Keywords: Ischemic optic neuropathy, Central serous chorioretinopathy, Corticosteroid
Introduction
Corticosteroid medication for treatment of non-arteritic anterior ischemic optic neuropathy is controversial. It may cause a central serous chorioretinopathy (CSCR) and threaten the patients’ visual acuity. As a treatment cutting of the corticosteroid medication should be advised. This case reports a 54-year-old male with CSCR secondary to corticosteroid medication which is used for treating patients’ non-arteritic anterior ischemic optic neuropathy (NAION). The corticosteroid treatment induced central serous chorioretinopathy in patients’ healthy eye and reduced visual acuity.1–4 The corticosteroid treatment was stopped. Two months after that visual acuity turned back to normal and central serous chorioretinopathy disappeared.
Case report
A 54-year-old male was referred to us with decreased visual acuity in his right eye (RE). The best-corrected visual acuity (BCVA) was 0.05 in RE and 0.8 in left eye (LE).
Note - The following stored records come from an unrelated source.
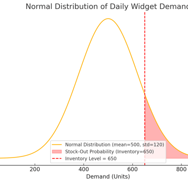 The shaded red area to the right of the inventory level of 650 represents the probability of a stock-out, indicating the chance that demand will exceed your available inventory.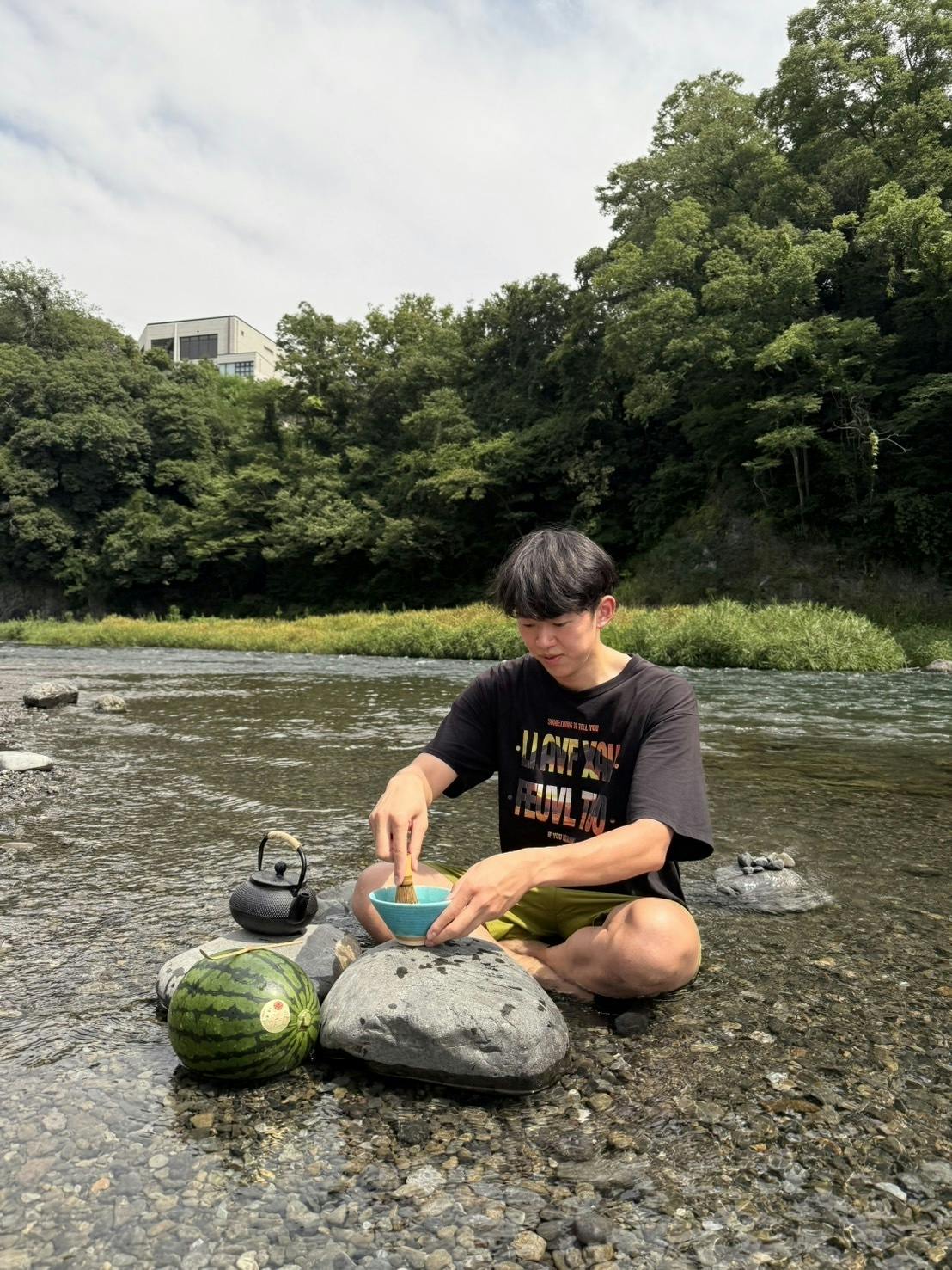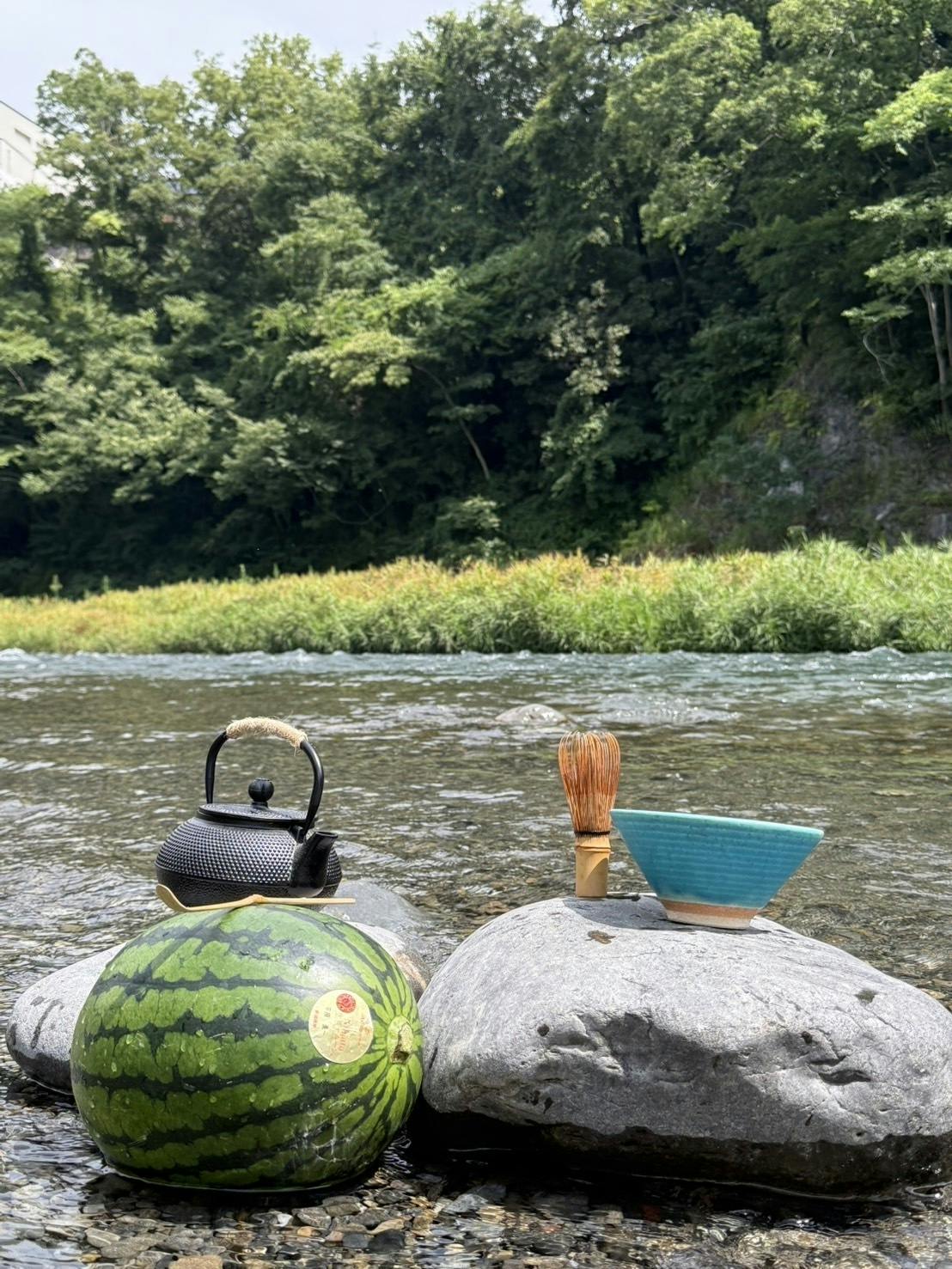 そんな葛藤を胸に、私は先日、青梅の川の中で一杯の抹茶を点てました。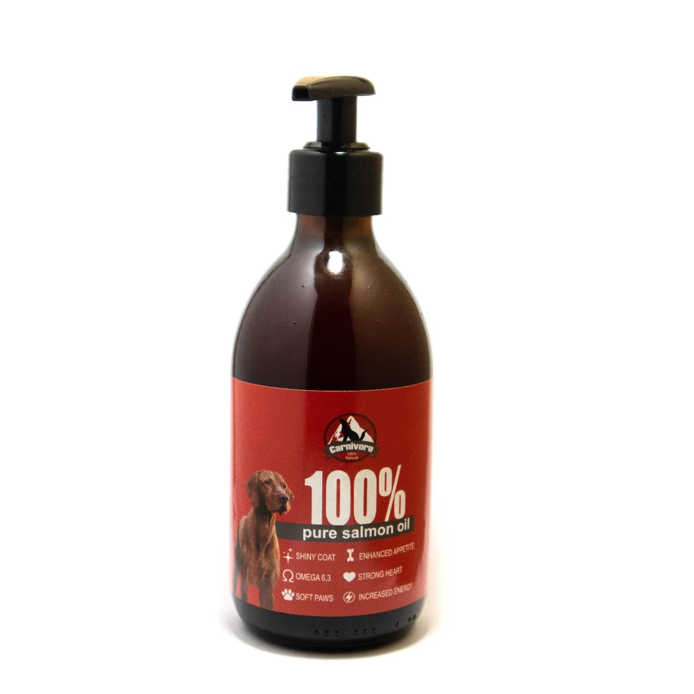 שמן סלמון טהור, מיוצר מדגי סלמון טריים ללא תוספים מלאכותיים. השמן נארז בואקום, בבקבוק אטום למניעת חדירת קרני שמש וחימצון. מומלץ לשלב בתזונה היומית על מנת לשפר את מראה הפרווה ומצב העור, לסייע בחיזוק תפקוד כלי הדם ומערכת העיכול. מומלץ גם לעידוד אכילה וכתוספת אנרגיה. ניתן להוסיף למזון או לתת ישירות לפה, בכל לחיצה נמזגים כ5 מ"ל שמן. מינון יומי מומלץ: לכלבים קטנים לחיצה אחת, לכלבים בינוניים 2 לחיצות, לכלבים גדולים 3 לחיצות. מרכיבים: שמן סלמון טהור.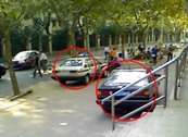 Ce qui suit sont des photos prises sur le site. En plus de voitures de police il y avait des policiers dans deux voitures équipées d’appareil photographique sur les toits surveillant le quartier.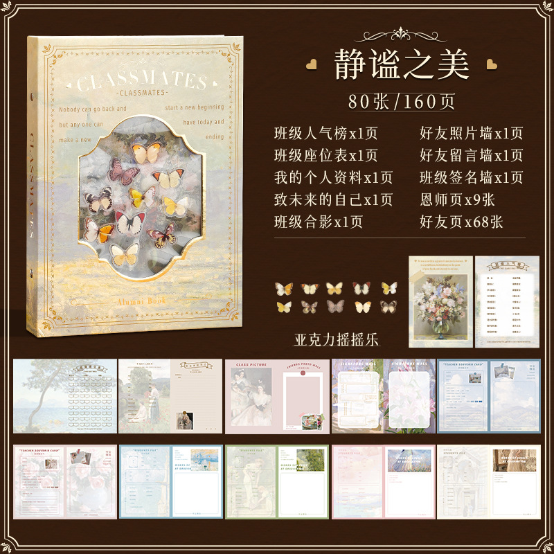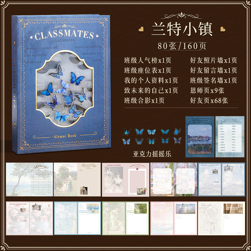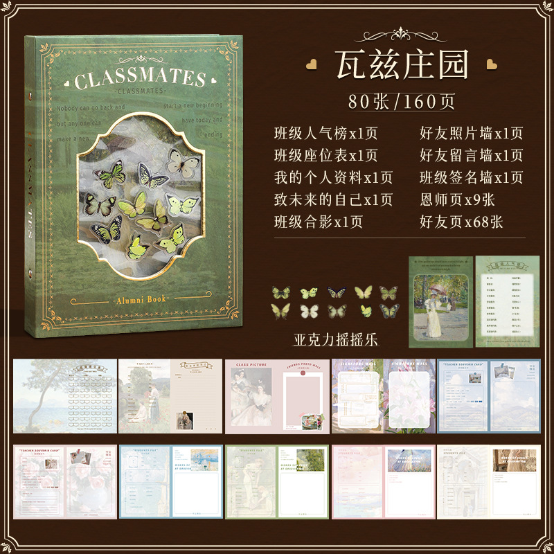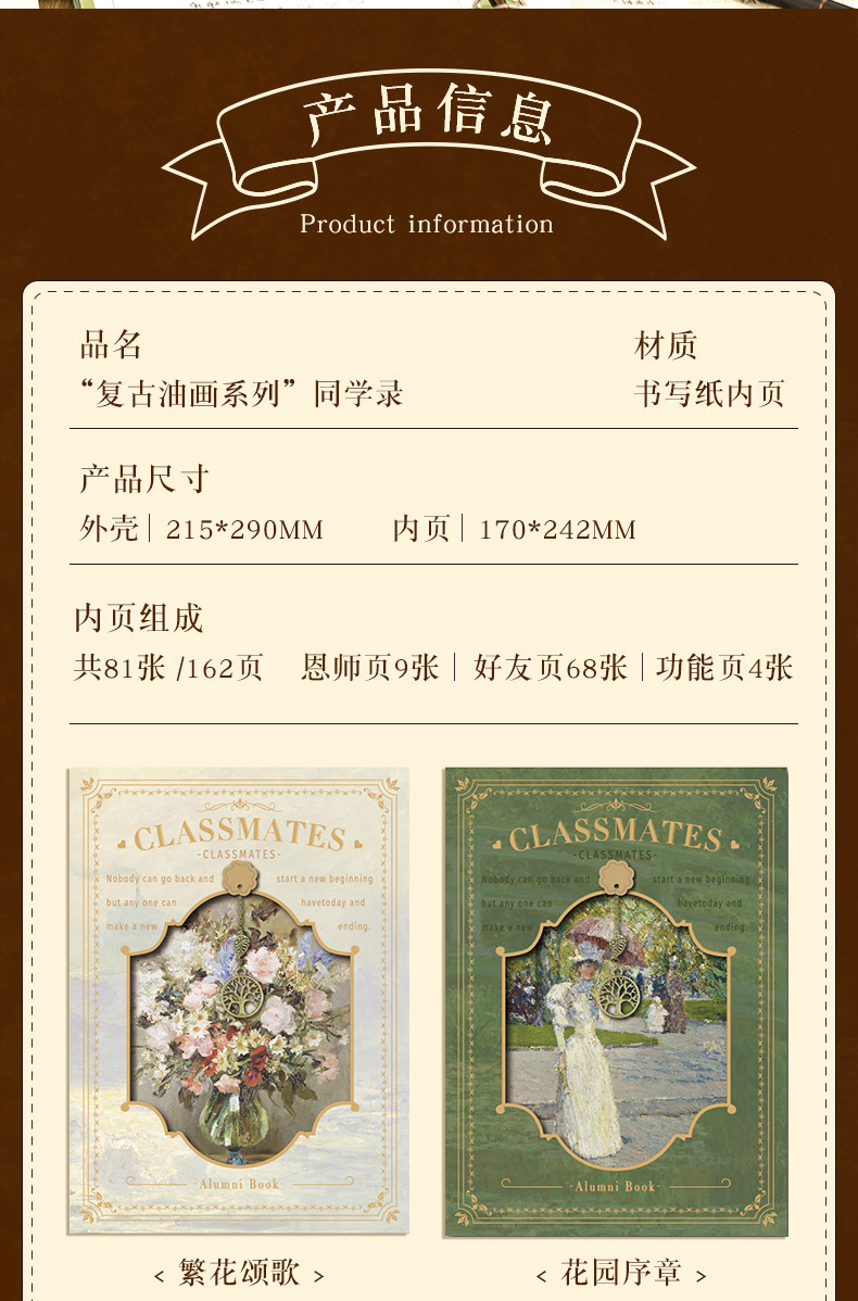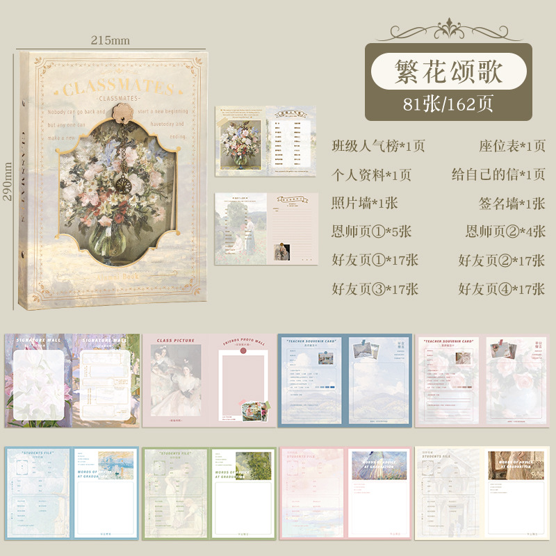 复古油画镂空毕业同学录高颜值古风初中高中同学纪念册通讯留言本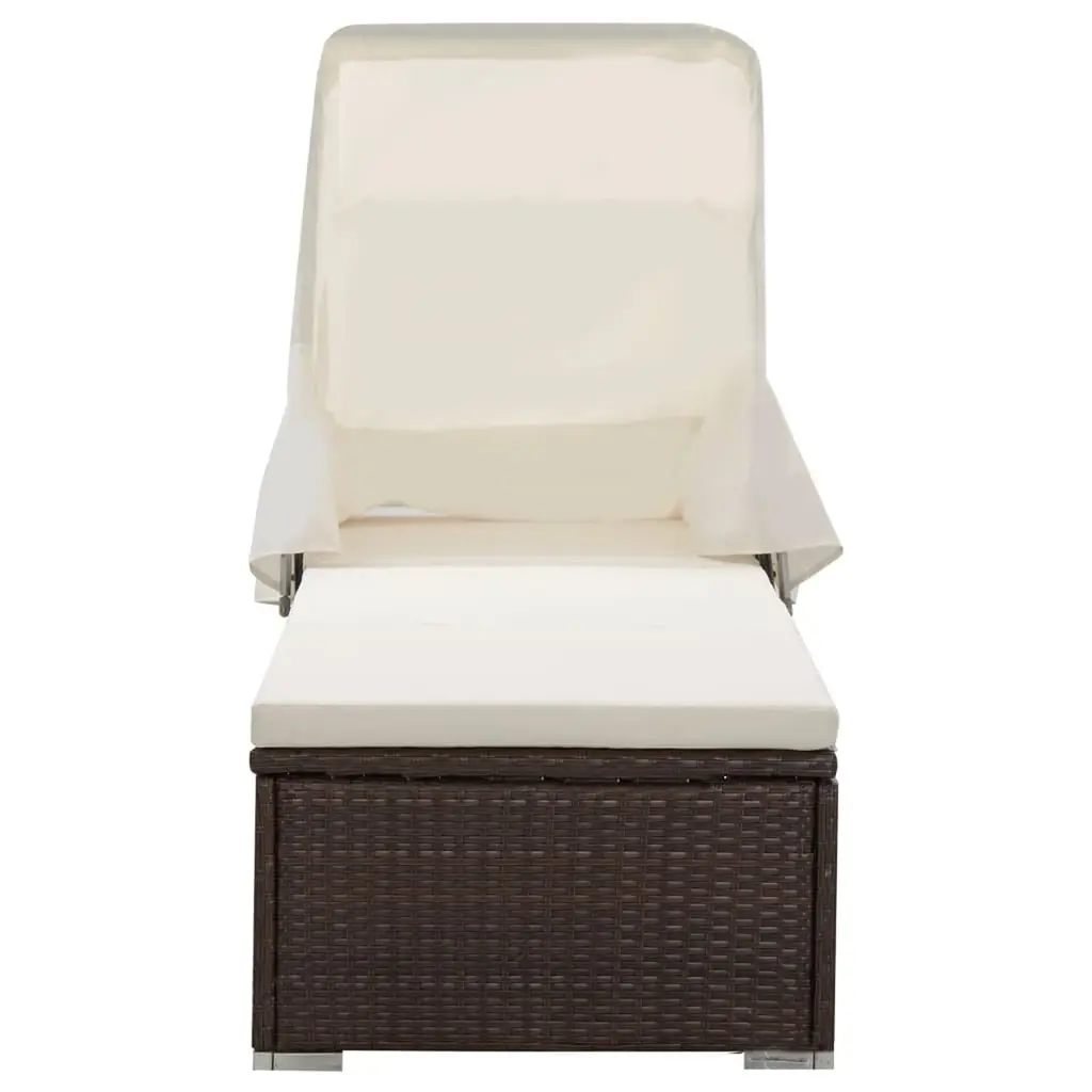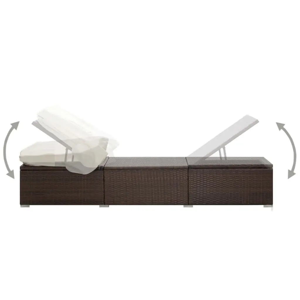 Vidaxl Sun Lounger Brown Rattan And Cream White Cushion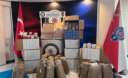 Aramalar sonucunda 140 kilogram kıyılmış tütün, 16.100 adet içi doldurulmuş makaron ile 81.200 adet boş makaron ele geçirildi.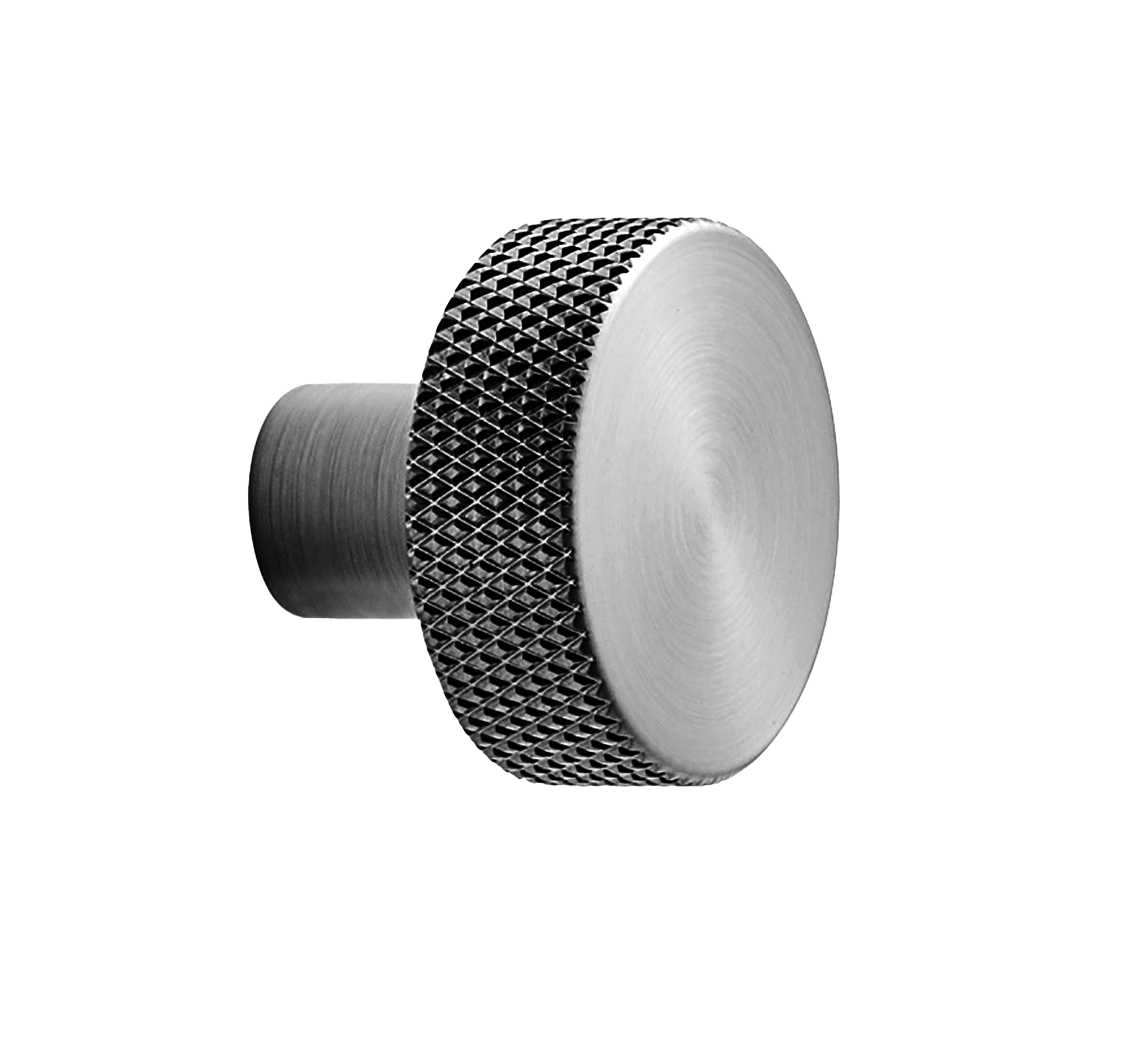 This round furniture knob is made of steel to which an INOX look coating is applied.

Ocular history was unremarkable. The patient had a systemic hypertension which was under control medically. Slit lamp examinations of anterior segment were normal in both eyes. Intraocular pressure (IOP) measurements were performed via Goldmann applanation tonometer and IOP was 14 mmHg in RE, 13 mmHg in LE. Relative afferent pupillary defect was present in RE. Dilated fundus examination revealed splinter hemorrhages and edema at the optic discs in RE. Fundus examination was normal in LE. Perimetry was performed via Humphrey 30–2 threshold test and there was a lower altitudinal visual field defect in RE. Fundus fluorescein angiography (FA) showed hyperfluorescence at the optic disc in RE and normal angiographic findings in LE (Fig. 1a and b). Optic disc appearance, visual fields, FA and optical coherence tomography of discs were suggestive of non-arteritic anterior ischemic optic neuropathy (NA-NAION) in RE. Patient was diagnosed with NA-AION and methylprednisolone was administered with a dose of 1 gr/day intravenously for 3 days. Then, steroid treatment continued with 1 mg/kg/day orally for a week.
Figure 1.
Fundus fluorescein angiogram of both eyes (a, b). A hyperfluorescence at the inferior half of the optic disc in RE (a) and normal angiogram in LE (b).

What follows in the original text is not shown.